Most ETL’s do not have multithreading functionalities. Some are using a very specific (and primitive) form of multithreading: They automatically insert a Multithread Action in-between every normal Action. For example, when you see the following data-transformation graph inside a “classical multithreaded ETL tool”:
… this is, in reality, executed in the following way (note that we simply inserted a Multithread Action in-between every Action):
This means that, if you have a graph with twenty Actions, there will be (roughly) twenty CPU’s used to run the data-transformation-graph. Twenty is a number that is (usually) significantly larger than the physical amount of available CPU’s and this graph will thus run very slowly (because of the software “emulation” of the missing CPU’s performed by MSWindows: See the previous section about this subject). There is no way of preventing that.

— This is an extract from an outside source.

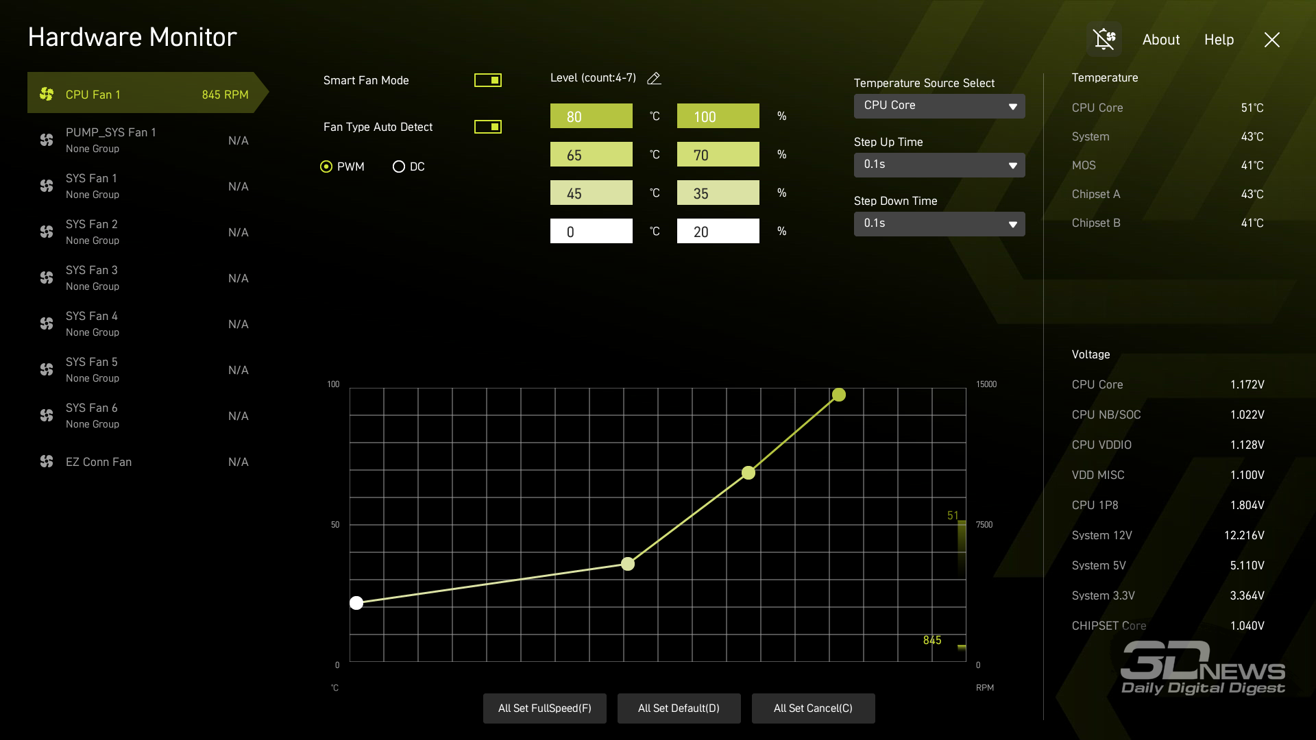 Смотреть все изображения (83) Параметры процессора и памяти, прямо влияющие на производительность, собраны в специальном разделе Overclocking. Здесь открывается доступ ко всему, что может потребоваться при тонкой настройке системы: к частотам процессора, BCLK и FCLK, делителям UCLK и памяти, таймингам памяти, а также к напряжениям. Интервалы изменений основных настроек приведены в таблице. Отдельно отмечу наличие в BIOS полнофункционального меню Precision Boost Override, куда вынесены не только опции для управления лимитами потребления процессора, но и регулировки функции Curve Optimizer. Кроме того, здесь же MSI предлагает предопределенные профили PBO, настроенные на разные варианты максимального потребления процессора либо на его разные целевые температуры. В меню Hardware Monitor нам позволено настроить частоту вращения всех подключенных к материнской плате вентиляторов. Плата поддерживает регулировку как в режиме PWM, так и DC — то есть мы можем настраивать частоту вращения даже «карлсонов» без ШИМ. Параметры работы крыльчаток привязываются к показателям четырех датчиков: ядрам процессора, системе, конвертера питания или чипсета. Кроме того, полезной может быть функция Memory Try It!, которая предлагает готовые профили настроек памяти для тех, кто не готов тратить время на ручной подбор параметров.

Each Multithread Action has an internal FIFO-row-buffer. The management of this FIFO-row-buffer consumes a big amount of precious CPU time. Thus, it’s a good idea to reduce to the minimum the number of Multithread Actions in your graph: you can do that by designing your graph so that it has the longest Sections as possible (i.e. a section should include as many Actions as possible).

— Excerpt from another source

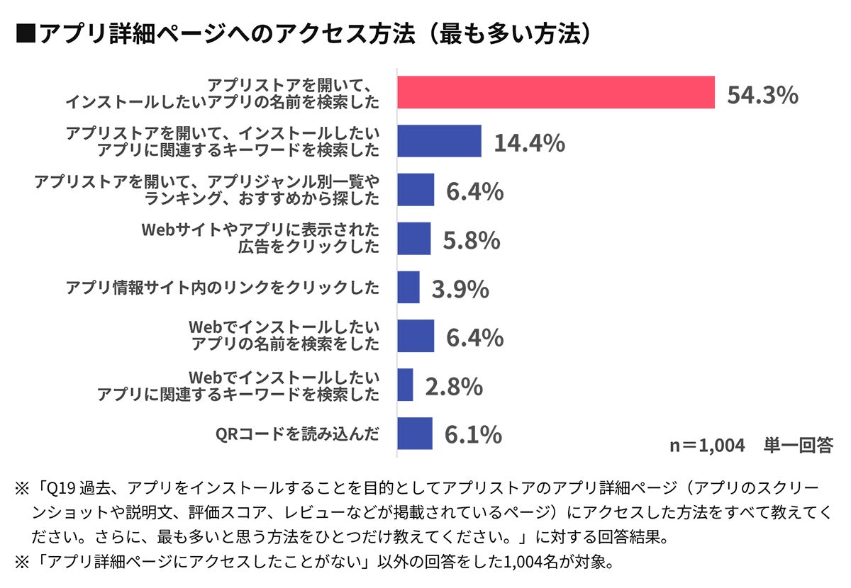 54.3%が「アプリ名での指名検索(アプリストア内検索)」によるアプリ詳細ページへのアクセスが、最も多いとしている

The data-transformation-engines that are used inside “classical” multithread ETL’s are using a very large amount of FIFO-row-buffers (because they internally place a Multithread Action in-between every Action: All their sections are composed of only ONE Action: it’s terrible!) and they are thus losing a very large amount of precious CPU time in managing all these un-necessary FIFO-row-buffers (and also in “context switching”).
Most “classical” multithread ETL Engines do not even offer the equivalent of “N-Way Multithreaded Sections”.
In opposition, inside Anatella, you have the complete control of:
a)how many CPU’s your data-transformation is using.
b)how many FIFO-row-buffers your data-transformation is using.
This “total control” allows you to use in the most efficient way, all the CPU’s inside your server.